Completely blew it on the Christmas Card front this year, and I can honestly say that hasn't happened before. Oh, sure, there have been years when I have mailed them out on December 23rd. Not this year - I whiffed on the whole thing. I could make excuses, like it was busy around here, and the truth is that it was crazy busy. I would rather look at the reason than the excuse, though, because I think it is far more productive.

Maybe there is a part of me that believes that greeting cards, on the whole, belong to a time that is passing. It was great to get a card from Aunt Helga back in the days before email. Remember those days? I realize a growing number of you don't remember those days, but I do. You could actually go a year without hearing from anybody! You couldn't catch their status on Facebook, or get a Tweet from them, or have them shoot you an email whenever they had three minutes they didn't know what to do with - and so you actually looked forward to their cards.

Often times, inside the card was a page long letter that brought you up to speed on everything that had happened during the year. Since you hadn't heard from those folks since their last Christmas card, the "year in review" notes were often kind of interesting. They were interesting on many levels - for what they contained, for the insight into what other people thought was interesting but really wasn't, for the sometimes inappropriate things they revealed (Fred had a flare up of his syphilis last Fall), and perhaps the best part was what you had to read between the lines (Albert lost three jobs again this year).
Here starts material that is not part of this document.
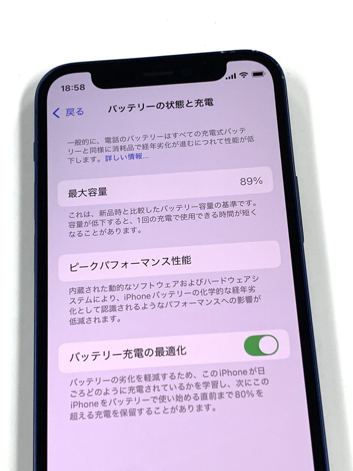 バッテリー最大容量表示:89%(Apple純正部品表示)

In contemporary times the truth is that we are brought up to date on the daily happenings of most people's lives. There are no surprises any more, at least not surprises that are more than twenty-four hours old. I never thought I would say this, but I am going to:

Most of us are over connected.

I am aware that I am as guilty of this as anyone, but I am a public figure and it comes with the territory. There is a certain expectation of information, but maybe it doesn't have to be satisfied all the time. Maybe the fact that the chronic boil you have on your left buttock has flared again and you have an appointment at 3pm to have it lanced is better communicated by Tweeting "Doctor Appointment" than by Tweeting "Boil Lancing."

It may well be a worthwhile goal to allow enough mystery to develop in your life to make the Christmas Card Letter necessary again. The peace that will accompany not feeling obligated to put everything out there might just surprise you.

Of course, that doesn't get me off the hook. None of my friends or family reads what I write anyway!